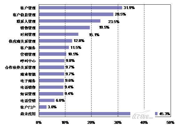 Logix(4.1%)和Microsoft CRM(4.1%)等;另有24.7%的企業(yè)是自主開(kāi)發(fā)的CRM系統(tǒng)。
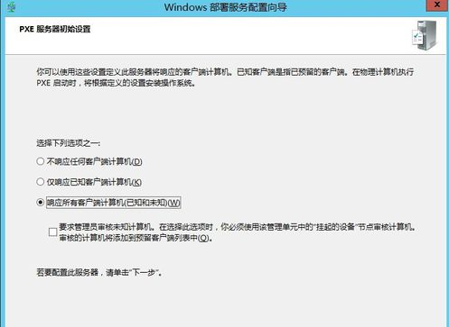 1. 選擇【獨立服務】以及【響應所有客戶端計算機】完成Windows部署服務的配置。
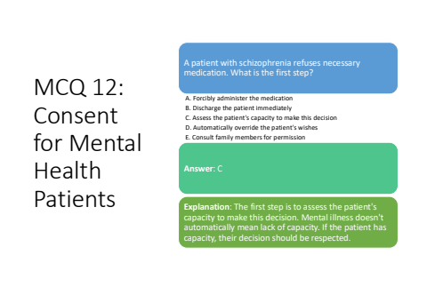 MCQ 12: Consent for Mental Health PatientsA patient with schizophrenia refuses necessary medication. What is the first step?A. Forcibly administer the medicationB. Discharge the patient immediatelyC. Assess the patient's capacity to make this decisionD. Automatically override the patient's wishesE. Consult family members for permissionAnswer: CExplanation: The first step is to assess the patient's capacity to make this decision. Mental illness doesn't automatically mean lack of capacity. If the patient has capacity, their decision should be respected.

Task directions:
Leave the pictures out and output the rest of the listing exactly.

Your solution:
 Logix(4.1%)和Microsoft CRM(4.1%)等;另有24.7%的企業(yè)是自主開(kāi)發(fā)的CRM系統(tǒng)。
 1. 選擇【獨立服務】以及【響應所有客戶端計算機】完成Windows部署服務的配置。
 MCQ 12: Consent for Mental Health PatientsA patient with schizophrenia refuses necessary medication. What is the first step?A. Forcibly administer the medicationB. Discharge the patient immediatelyC. Assess the patient's capacity to make this decisionD. Automatically override the patient's wishesE. Consult family members for permissionAnswer: CExplanation: The first step is to assess the patient's capacity to make this decision. Mental illness doesn't automatically mean lack of capacity. If the patient has capacity, their decision should be respected.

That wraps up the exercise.